Unique Device Identity
A unique device identity is the product design that lets a device prove it is genuine, distinguishable from other devices, and entitled to access the services, updates, commands, data, and support paths assigned to it.
For connected products, identity is not just a certificate. It is the link between hardware, provisioning, onboarding, authentication, secure updates, fleet management, vulnerability response, support, and evidence.
Use this page to define how each device proves what it is, how that proof is anchored, how operational identities are issued and retired, and what records show the identity model is working in production.

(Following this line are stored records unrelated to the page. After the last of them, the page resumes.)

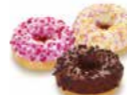
D134 | 90 x 22 g MyDOONY'S MINI MIXED BOX
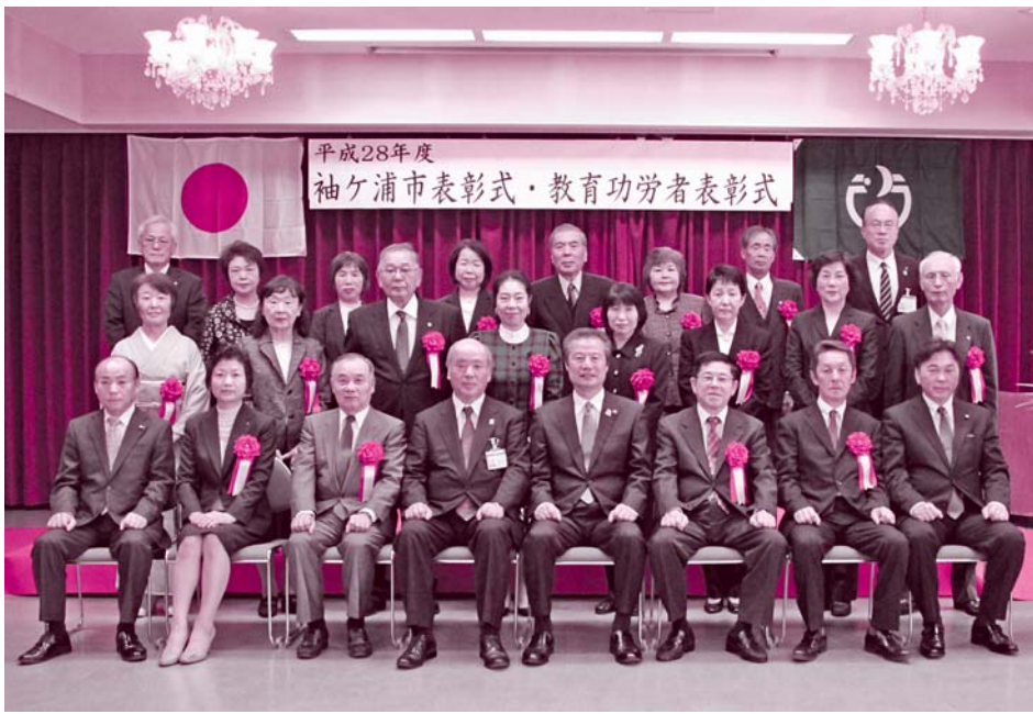
平成28年度 袖ヶ浦市表彰式・教育功労者表彰式

市では毎年、市政の発展や公共の福祉の増進などに功労のあった方、または善行が優れ、市民の模範となる方を、市の表彰規則に基づき表彰しています。
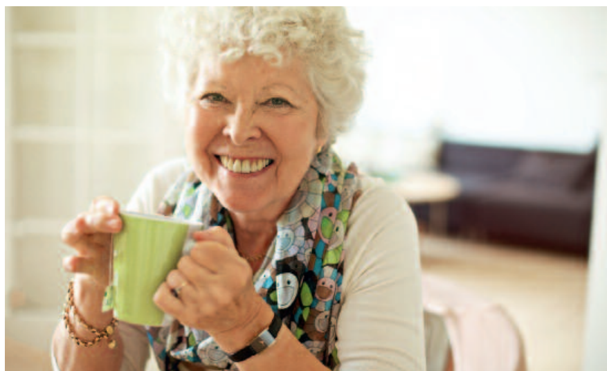
In der kalten Jahreszeit tut Tee gut – ohne Zucker auch dem Mund.

Viele Senioren leiden unter Mundtrockenheit. Dies beeinträchtigt die Zahngesundheit, denn Speichel schützt die Zähne: Er wirkt antibakteriell und neutralisiert Säuren.
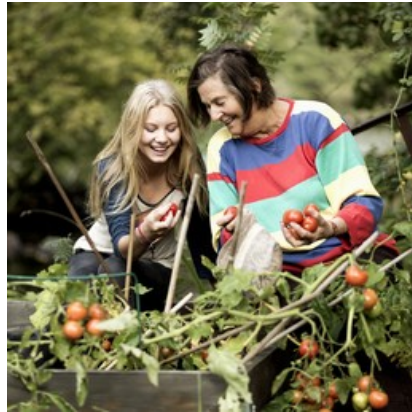
Årets landsbygdsaktör - du kan nominera

Vet du någon eldsjäl, förening, grupp och företag som under 2023 har bidragit till Uppsala kommuns utveckling av landsbygderna? Läs mer och nominera senast 15 mars, klicka på länken nedan. Årets landsbygdsaktör - Uppsala kommun
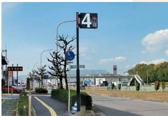
▲ 組合活性化事業(街区サイン)

分かり易いまちづくりを推進していくため、昨年度に続き、残りの12基の街区サイン(費用約5千万円)を団地周辺の道路上に設置します。
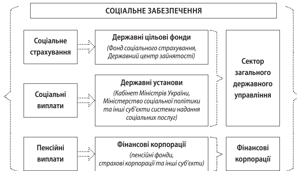
Рис. 2. Взаємозв'язок інституційних секторів економіки та розрахунків за соціальним забезпеченням

Побудовано за: Про затвердження Класифікації інституційних секторів економіки України : наказ Державної служби статистики України від 03.12.2014 № 378. URL: https://zakon.rada.gov.ua/rada/show/v0378832-14#Text .
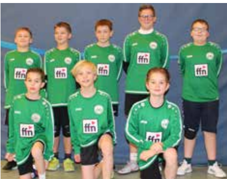
MTV Oldendorf - 2. Platz.

This page is engineering guidance. It supports secure-by-design planning and technical documentation, but it is not legal advice or a conformity assessment.
Use This Page When
Use this page when you need to:
- decide whether each product unit needs a unique identity;
- define the difference between hardware root identity and operational identity;
- design device onboarding, cloud authentication, local pairing, or customer enrolment;
- avoid shared secrets, cloneable identifiers, and unauthenticated devices;
- connect identity to secure boot, key provisioning, OTA updates, logging, support, and evidence;
- document identity lifecycle states such as manufactured, provisioned, activated, transferred, revoked, returned, repaired, or decommissioned.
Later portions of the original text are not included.